#### Try it
Because the images are not wanted, restate every line below word for word without them.

─── Data

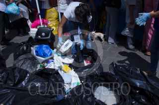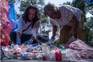MÉXICO, D.F., 16AGOSTO2015.- Personal de la delegación Cuauhtémoc como parte de la Feria ambiental que realizan realizó el “Plastianguis” en la Alameja de Santa Maria la Ribera el cual busca fomentar la cultura del reciclaje. FOTO: ENRIQUE ORDÓÑEZ /CUARTOSCURO.COM
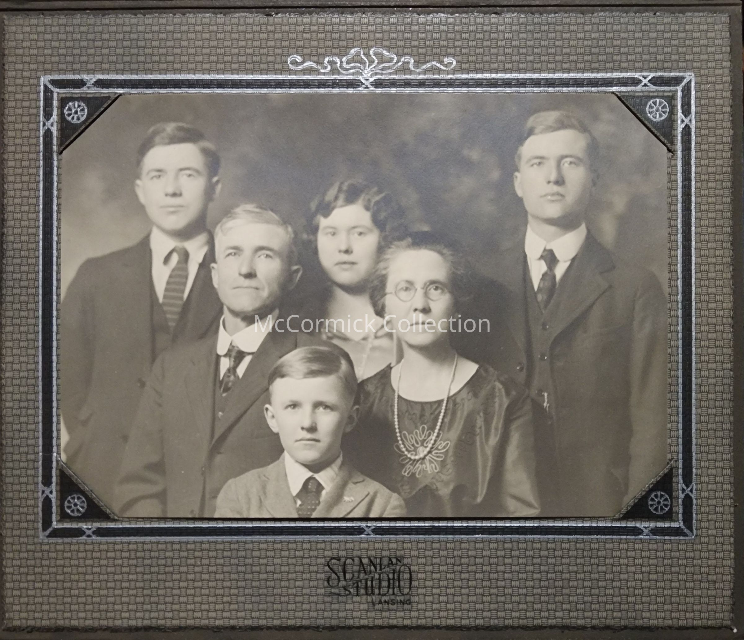 Folder frame mounted photograph of an unidentified family by Lansing photographer Scanlan Studio.
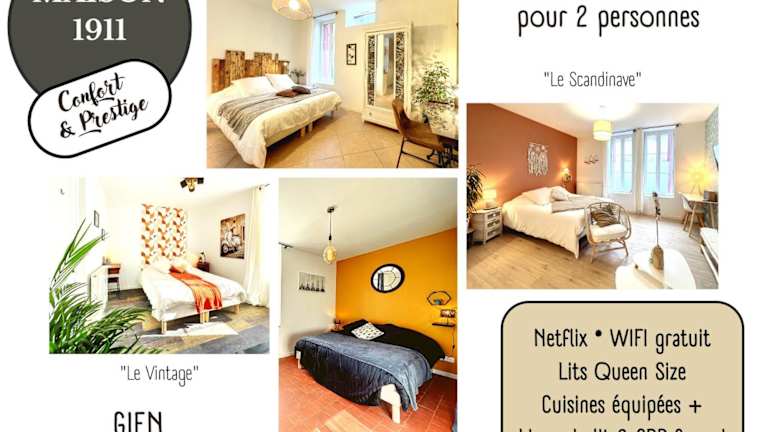 Das Studio LE VINTAGE - Maison 1911 - confort & prestige ist eine charmante und komfortable Unterkunft in Gien. Das Apartment befindet sich in einem historischen Gebäude aus dem Jahr 1911 und bietet kostenfreies WLAN sowie eine Terrasse. Mit einer erstklassigen Lage in der Nähe von Sehenswürdigkeiten wie dem Chateau de Gien und dem Chateau de Sully-sur-Loire ist dieses Studio der perfekte Ausgangspunkt, um die Region zu erkunden. Die gut ausgestattete Küche und das gemütliche Schlafzimmer sorgen für einen angenehmen Aufenthalt.
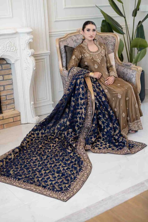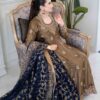 Embrace the festive spirit with our enchanting mehndi green angrakha frock, a perfect blend of tradition and style. The frock features a flattering silhouette with intricate detailing, designed to make you feel elegant and comfortable. Paired with a rich navy shawl, this ensemble offers a striking contrast, adding a touch of sophistication. Ideal for celebrations, this outfit ensures you stand out with grace and charm.

──────

#### Solution to the problem
MÉXICO, D.F., 16AGOSTO2015.- Personal de la delegación Cuauhtémoc como parte de la Feria ambiental que realizan realizó el “Plastianguis” en la Alameja de Santa Maria la Ribera el cual busca fomentar la cultura del reciclaje. FOTO: ENRIQUE ORDÓÑEZ /CUARTOSCURO.COM
 Folder frame mounted photograph of an unidentified family by Lansing photographer Scanlan Studio.
 Das Studio LE VINTAGE - Maison 1911 - confort & prestige ist eine charmante und komfortable Unterkunft in Gien. Das Apartment befindet sich in einem historischen Gebäude aus dem Jahr 1911 und bietet kostenfreies WLAN sowie eine Terrasse. Mit einer erstklassigen Lage in der Nähe von Sehenswürdigkeiten wie dem Chateau de Gien und dem Chateau de Sully-sur-Loire ist dieses Studio der perfekte Ausgangspunkt, um die Region zu erkunden. Die gut ausgestattete Küche und das gemütliche Schlafzimmer sorgen für einen angenehmen Aufenthalt.
 Embrace the festive spirit with our enchanting mehndi green angrakha frock, a perfect blend of tradition and style. The frock features a flattering silhouette with intricate detailing, designed to make you feel elegant and comfortable. Paired with a rich navy shawl, this ensemble offers a striking contrast, adding a touch of sophistication. Ideal for celebrations, this outfit ensures you stand out with grace and charm.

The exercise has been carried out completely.